Work required — Write out the lines below exactly, beginning at the one with "متظاهرون سودانيون يغلقون" and stopping after the one with "當天我們嚐到了裝在精緻透明小碟子裡的玉子燒佐龍蝦沙拉醬和小黃瓜涼拌魚皮。"; the pictures are not copied.

-------- Data to process

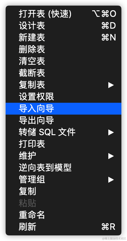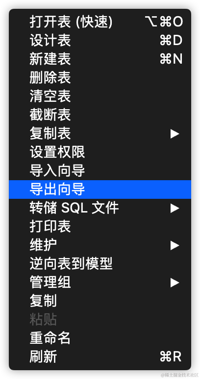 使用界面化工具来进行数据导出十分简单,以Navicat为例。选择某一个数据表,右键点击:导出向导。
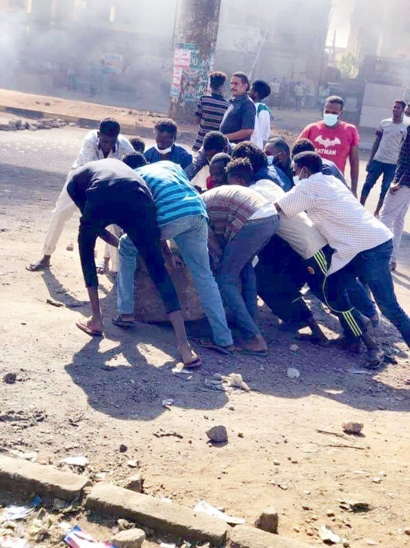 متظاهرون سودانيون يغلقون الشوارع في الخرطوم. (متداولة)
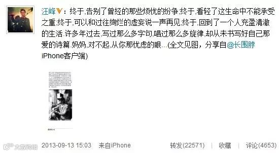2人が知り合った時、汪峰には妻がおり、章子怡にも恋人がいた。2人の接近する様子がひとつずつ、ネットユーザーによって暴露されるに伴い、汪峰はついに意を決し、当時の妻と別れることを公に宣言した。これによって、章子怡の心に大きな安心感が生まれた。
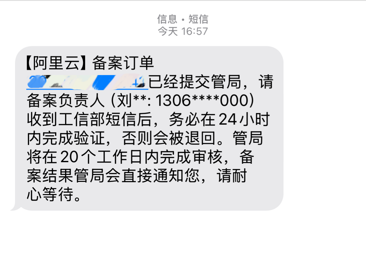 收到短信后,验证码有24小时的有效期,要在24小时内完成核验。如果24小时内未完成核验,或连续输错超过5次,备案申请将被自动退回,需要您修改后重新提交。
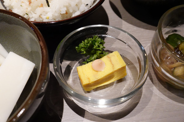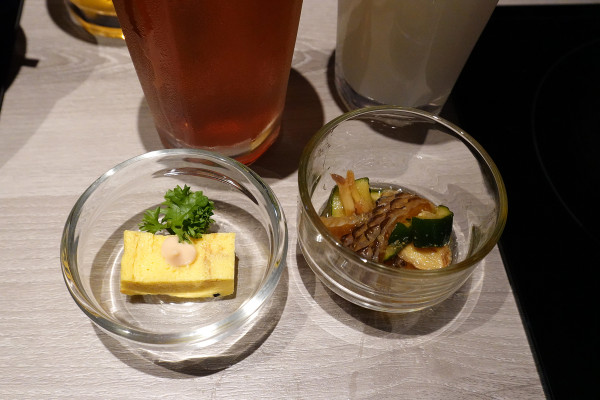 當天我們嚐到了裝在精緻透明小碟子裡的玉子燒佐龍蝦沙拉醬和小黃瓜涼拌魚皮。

----------------
-------- Data to process

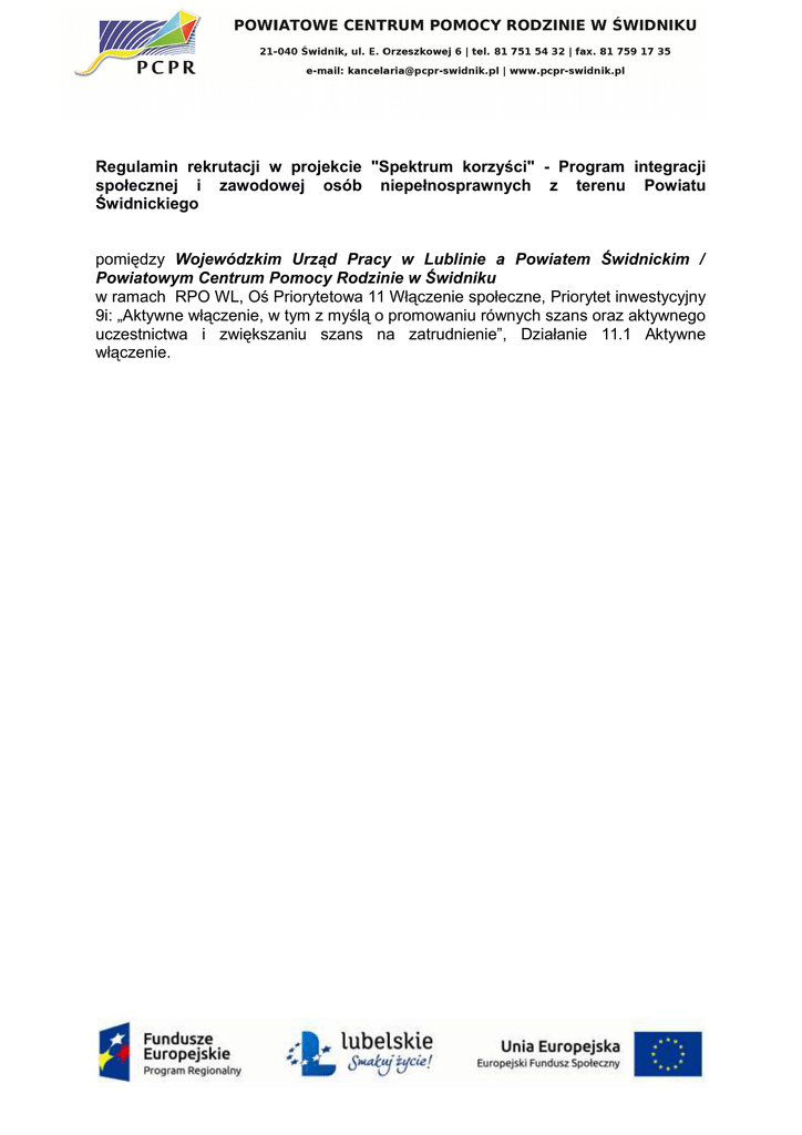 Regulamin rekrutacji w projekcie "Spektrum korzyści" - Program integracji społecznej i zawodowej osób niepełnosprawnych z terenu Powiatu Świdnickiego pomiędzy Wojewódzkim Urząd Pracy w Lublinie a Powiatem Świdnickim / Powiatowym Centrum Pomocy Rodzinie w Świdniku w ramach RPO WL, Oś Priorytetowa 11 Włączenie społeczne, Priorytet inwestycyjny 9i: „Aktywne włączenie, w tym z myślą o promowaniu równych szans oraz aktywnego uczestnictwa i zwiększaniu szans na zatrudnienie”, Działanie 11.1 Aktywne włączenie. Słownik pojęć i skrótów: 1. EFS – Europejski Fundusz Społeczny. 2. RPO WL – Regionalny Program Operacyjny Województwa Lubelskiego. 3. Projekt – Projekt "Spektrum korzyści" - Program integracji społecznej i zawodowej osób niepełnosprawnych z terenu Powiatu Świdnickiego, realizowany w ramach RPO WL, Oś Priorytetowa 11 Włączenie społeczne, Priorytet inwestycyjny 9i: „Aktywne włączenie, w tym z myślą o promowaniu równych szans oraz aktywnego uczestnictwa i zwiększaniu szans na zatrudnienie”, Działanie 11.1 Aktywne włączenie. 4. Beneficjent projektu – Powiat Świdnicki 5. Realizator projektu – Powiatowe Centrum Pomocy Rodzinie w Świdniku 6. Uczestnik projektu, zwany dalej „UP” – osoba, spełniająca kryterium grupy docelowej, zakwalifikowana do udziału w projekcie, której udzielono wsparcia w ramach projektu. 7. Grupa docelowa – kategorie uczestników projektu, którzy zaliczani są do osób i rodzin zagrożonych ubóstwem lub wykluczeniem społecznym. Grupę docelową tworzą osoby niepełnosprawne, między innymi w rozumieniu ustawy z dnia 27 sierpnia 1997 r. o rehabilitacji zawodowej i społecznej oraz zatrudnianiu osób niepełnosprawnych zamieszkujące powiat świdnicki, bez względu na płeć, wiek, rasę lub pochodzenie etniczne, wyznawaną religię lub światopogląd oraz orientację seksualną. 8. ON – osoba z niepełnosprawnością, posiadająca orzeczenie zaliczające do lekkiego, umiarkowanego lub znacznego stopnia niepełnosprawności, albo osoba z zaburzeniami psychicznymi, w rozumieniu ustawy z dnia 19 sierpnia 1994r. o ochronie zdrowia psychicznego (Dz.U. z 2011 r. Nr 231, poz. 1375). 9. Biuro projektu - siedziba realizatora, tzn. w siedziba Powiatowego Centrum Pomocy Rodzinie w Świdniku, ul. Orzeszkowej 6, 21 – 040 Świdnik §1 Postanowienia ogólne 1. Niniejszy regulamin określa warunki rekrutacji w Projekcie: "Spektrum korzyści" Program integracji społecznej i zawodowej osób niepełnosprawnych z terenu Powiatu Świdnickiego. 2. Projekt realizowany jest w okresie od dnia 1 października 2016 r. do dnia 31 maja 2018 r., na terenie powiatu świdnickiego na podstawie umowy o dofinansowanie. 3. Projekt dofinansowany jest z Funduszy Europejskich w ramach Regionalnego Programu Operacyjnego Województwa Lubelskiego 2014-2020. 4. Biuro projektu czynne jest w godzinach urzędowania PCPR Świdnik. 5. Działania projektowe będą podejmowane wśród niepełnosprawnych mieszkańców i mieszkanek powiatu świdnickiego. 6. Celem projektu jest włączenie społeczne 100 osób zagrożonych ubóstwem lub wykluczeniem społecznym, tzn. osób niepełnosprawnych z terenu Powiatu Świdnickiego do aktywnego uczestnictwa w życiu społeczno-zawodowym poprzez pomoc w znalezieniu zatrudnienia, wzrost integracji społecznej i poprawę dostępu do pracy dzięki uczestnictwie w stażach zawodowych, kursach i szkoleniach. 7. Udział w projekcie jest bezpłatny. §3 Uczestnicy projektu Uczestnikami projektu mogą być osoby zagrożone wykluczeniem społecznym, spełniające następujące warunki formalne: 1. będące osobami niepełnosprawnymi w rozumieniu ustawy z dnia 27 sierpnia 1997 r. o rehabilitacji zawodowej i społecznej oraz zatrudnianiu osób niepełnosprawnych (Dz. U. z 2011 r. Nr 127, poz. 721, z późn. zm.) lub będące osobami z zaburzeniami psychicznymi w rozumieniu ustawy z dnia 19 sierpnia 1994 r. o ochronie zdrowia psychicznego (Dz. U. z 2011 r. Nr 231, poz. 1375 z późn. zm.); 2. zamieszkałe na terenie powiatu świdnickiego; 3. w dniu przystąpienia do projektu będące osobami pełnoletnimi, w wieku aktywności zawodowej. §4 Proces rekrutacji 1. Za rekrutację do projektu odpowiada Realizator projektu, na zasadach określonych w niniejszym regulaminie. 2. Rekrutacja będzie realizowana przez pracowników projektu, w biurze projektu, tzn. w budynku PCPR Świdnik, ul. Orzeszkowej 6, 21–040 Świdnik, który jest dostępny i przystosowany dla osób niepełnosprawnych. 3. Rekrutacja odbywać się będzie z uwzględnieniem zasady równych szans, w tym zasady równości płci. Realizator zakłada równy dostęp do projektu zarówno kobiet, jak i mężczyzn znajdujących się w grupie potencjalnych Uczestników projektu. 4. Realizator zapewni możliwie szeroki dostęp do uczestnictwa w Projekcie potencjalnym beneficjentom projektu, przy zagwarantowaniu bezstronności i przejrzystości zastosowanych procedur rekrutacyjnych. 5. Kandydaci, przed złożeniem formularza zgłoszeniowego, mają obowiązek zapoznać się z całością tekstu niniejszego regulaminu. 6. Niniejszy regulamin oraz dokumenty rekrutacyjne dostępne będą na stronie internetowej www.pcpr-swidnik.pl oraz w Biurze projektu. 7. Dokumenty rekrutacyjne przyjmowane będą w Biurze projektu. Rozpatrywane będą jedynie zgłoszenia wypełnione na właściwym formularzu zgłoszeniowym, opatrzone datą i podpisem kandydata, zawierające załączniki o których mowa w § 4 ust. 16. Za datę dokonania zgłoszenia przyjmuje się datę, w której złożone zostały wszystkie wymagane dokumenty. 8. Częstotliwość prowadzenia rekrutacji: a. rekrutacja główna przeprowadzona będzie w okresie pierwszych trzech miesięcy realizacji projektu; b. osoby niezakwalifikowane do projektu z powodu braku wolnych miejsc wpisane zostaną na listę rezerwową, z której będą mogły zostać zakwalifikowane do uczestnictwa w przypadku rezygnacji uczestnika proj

----------------
-------- Data to process

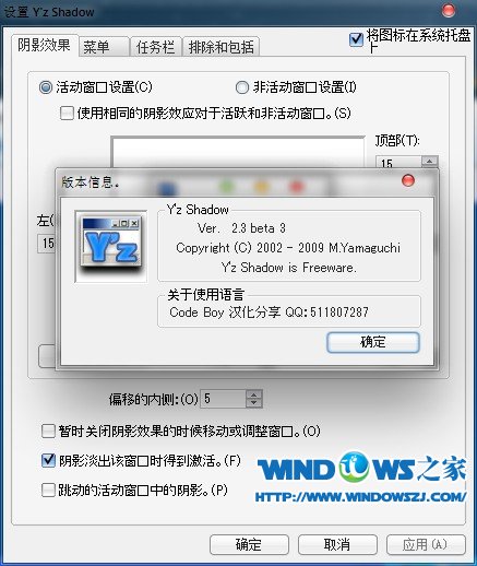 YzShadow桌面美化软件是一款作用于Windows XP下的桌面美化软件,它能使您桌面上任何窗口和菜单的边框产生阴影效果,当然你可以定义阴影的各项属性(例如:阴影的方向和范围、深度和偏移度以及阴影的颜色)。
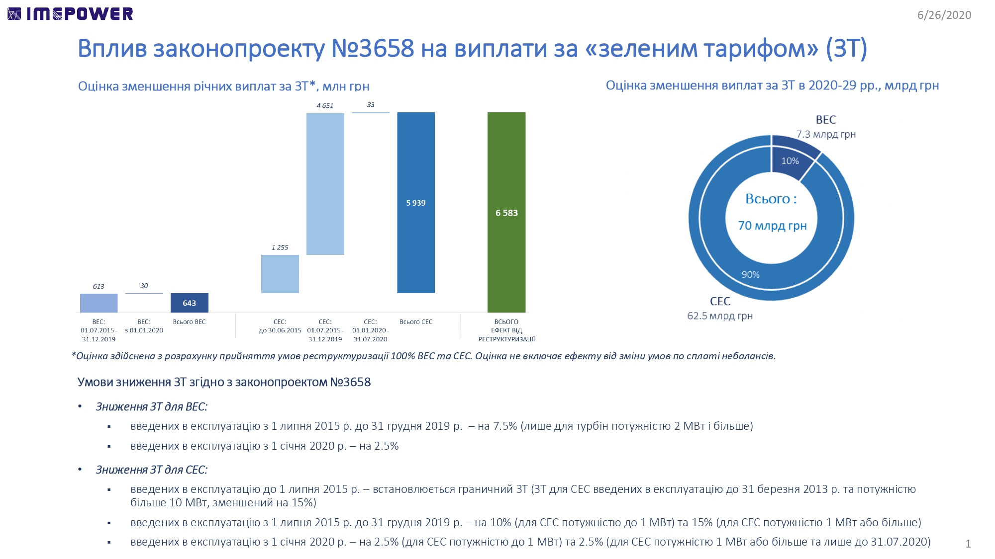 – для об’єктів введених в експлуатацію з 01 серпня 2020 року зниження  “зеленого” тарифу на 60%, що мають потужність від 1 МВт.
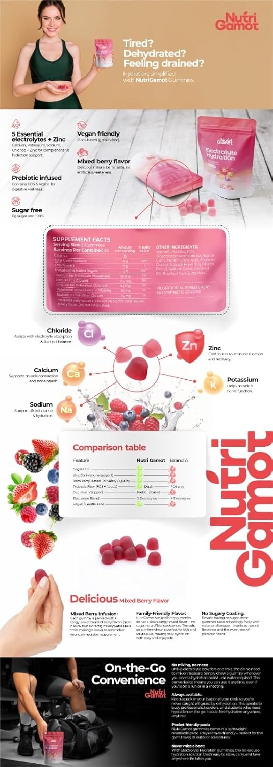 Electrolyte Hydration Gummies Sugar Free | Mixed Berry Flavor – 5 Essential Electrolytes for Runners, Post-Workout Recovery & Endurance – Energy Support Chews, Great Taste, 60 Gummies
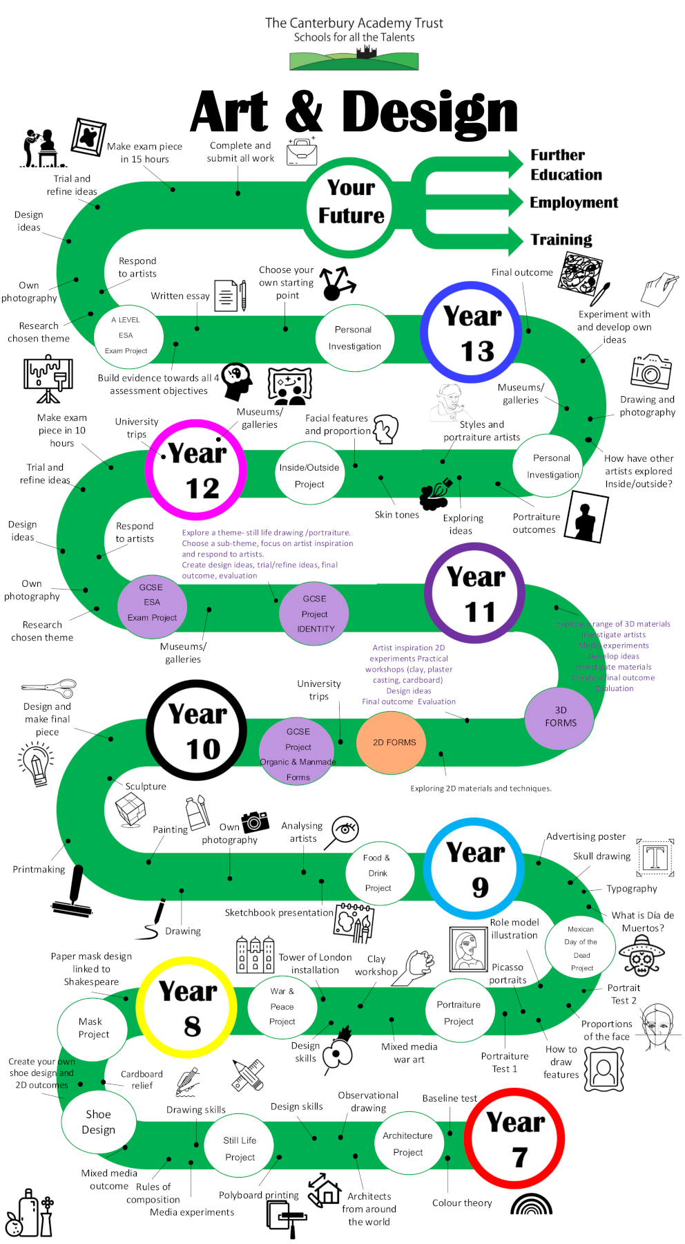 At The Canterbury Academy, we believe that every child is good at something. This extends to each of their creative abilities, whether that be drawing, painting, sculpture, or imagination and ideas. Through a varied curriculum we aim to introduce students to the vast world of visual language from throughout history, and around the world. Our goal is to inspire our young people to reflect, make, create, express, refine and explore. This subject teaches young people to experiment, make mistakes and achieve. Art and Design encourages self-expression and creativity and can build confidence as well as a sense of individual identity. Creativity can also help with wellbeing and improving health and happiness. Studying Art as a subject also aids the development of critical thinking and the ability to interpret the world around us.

----------------

Answer for this exercise —
 متظاهرون سودانيون يغلقون الشوارع في الخرطوم. (متداولة)
2人が知り合った時、汪峰には妻がおり、章子怡にも恋人がいた。2人の接近する様子がひとつずつ、ネットユーザーによって暴露されるに伴い、汪峰はついに意を決し、当時の妻と別れることを公に宣言した。これによって、章子怡の心に大きな安心感が生まれた。
 收到短信后,验证码有24小时的有效期,要在24小时内完成核验。如果24小时内未完成核验,或连续输错超过5次,备案申请将被自动退回,需要您修改后重新提交。
 當天我們嚐到了裝在精緻透明小碟子裡的玉子燒佐龍蝦沙拉醬和小黃瓜涼拌魚皮。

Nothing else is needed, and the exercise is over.